For instance, this week, we worked on lacing hearts with ribbons. I knew that this was going to be challenging for him because of his fine motor difficulties. I not only adapted the materials to better suit his hand skills, but I also thought to use the song “In and Out the Window” while he threaded the ribbon through the holes. I set it up so that there were many opportunities to sing that song throughout the week. We went in and out a “window” (a hole or a space): we sang it through his play tunnel, as he “walked” (with support) through two chairs, and we also played with his toys (balls, figurines) going in and out actual windows!
By the time he got to the lacing cards, my son was familiar with the song, and he understood that something goes through a space while we sing that song. He was intrigued as we pulled the ribbon through the spaces in the cards. The skill was practiced for a very short amount of time before he lost interest and squirmed away. But, it was a starting point. It was progress for him.

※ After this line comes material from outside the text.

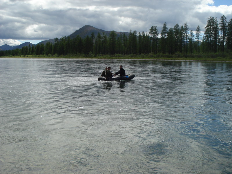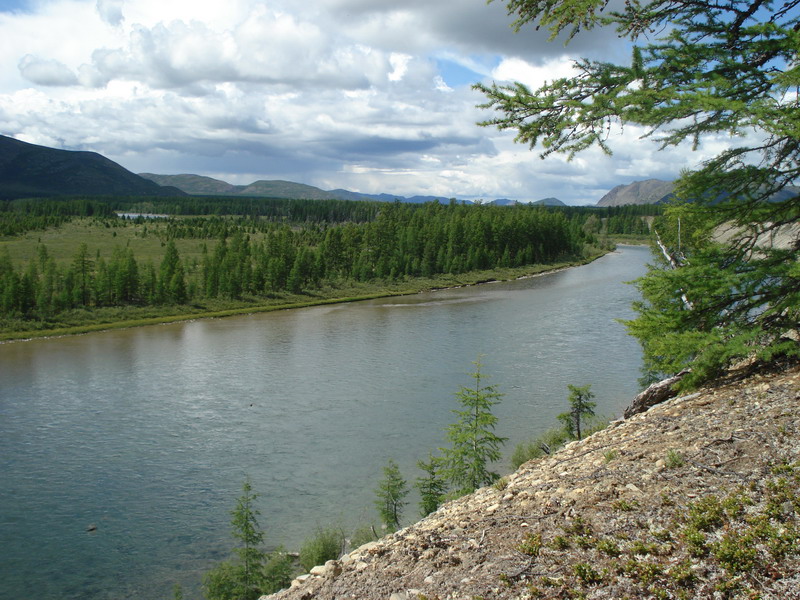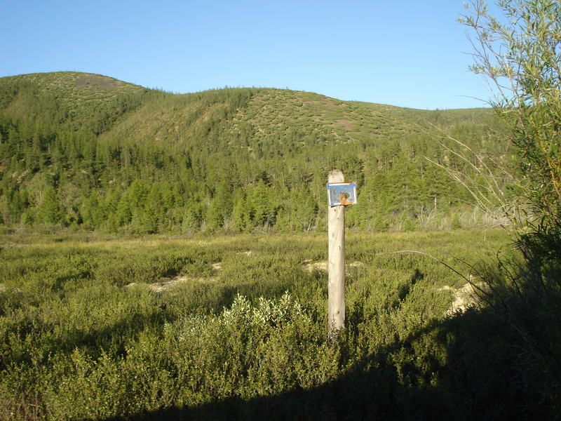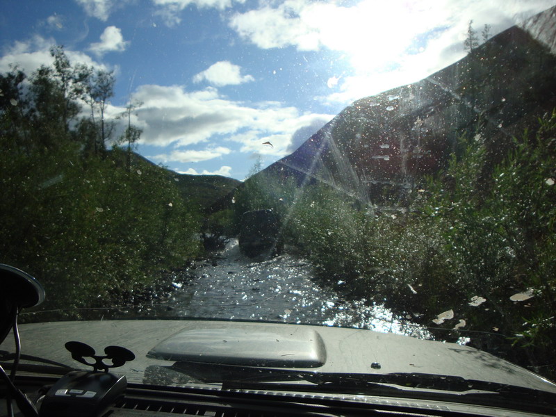 Останавливаемся пофоткаться, на часах 8 вечера…за рулем уже 14 часов, дорога начинает утомлять. До цели осталось около 12 км. Движемся дальше, дорога все хуже, Патрол еще пару раз садится на лежневке, но выбраться получается своим ходом, все таки жесткий задний лок это вещь. И вот через пару часов выходим в долину, где у дальних сопок и течет Кулу…и в самом конце пути, за 4 км до финиша чуть было не обламываемся по полной. Вылезшая из болота мерзлота напрочь разворотила ручей-дорогу по которой мы двигались. По бокам болотный кочкарник, впереди развороченное русло ручья из сыпуна, в который проваливаешься почти по самые болотники…деревьев естественно нет

In comparison to other children his age (performance), you would say the skill wasn’t even tackled since he stayed with it for only about a minute. In comparison to himself (progress), however, you would see that he went from never having held a lacing card and ribbon, to holding the lacing card in one hand and briefly holding the ribbon in the other and watching as I guided his hand through at least 2 holes before calling it a day.
What I didn’t do:
I could have started with the lacing card and insisted that my son thread that ribbon an endless amount of times because it was a skill he needed to practice. I could have done that all day long until he mastered it. But, how much success would I have gotten? Most likely, I would have been met with resistance, a meltdown and possibly a shut-down to the activity altogether (making it almost impossible to have him attempt the task again in the future).
I didn’t focus on the fact that he couldn’t do it even though I knew it would be a challenge. If I had drilled the skill endlessly, it’s likely that his self-esteem would have suffered as well.
How to think of progress versus performance:
If your child is at point A, meet him there. Don’t hang around point B or C and wave over to him to join you. Don’t toss ropes or life jackets at him because you think he won’t make it there on his own.
Instead, nourish the stage your child is at in his learning. Foster the activities. Even if adapted/ modified, they differ from life jackets that keep him afloat or ropes that drag him to shore. Listen to his interests. Learn about his life vision for himself. Support his every step. Cheerlead. Encourage. Celebrate. Walk right beside him. No matter how long it takes. Enjoy the journey.
If you guide your child from where he is at, you will both begin to see point B more clearly from this vantage point. I guarantee that the frustrations will lessen for both of you, the progress will be staggering, and your child will be able to hold his head up high when he touches that point B flag (and, then, you can wipe your tears away proudly).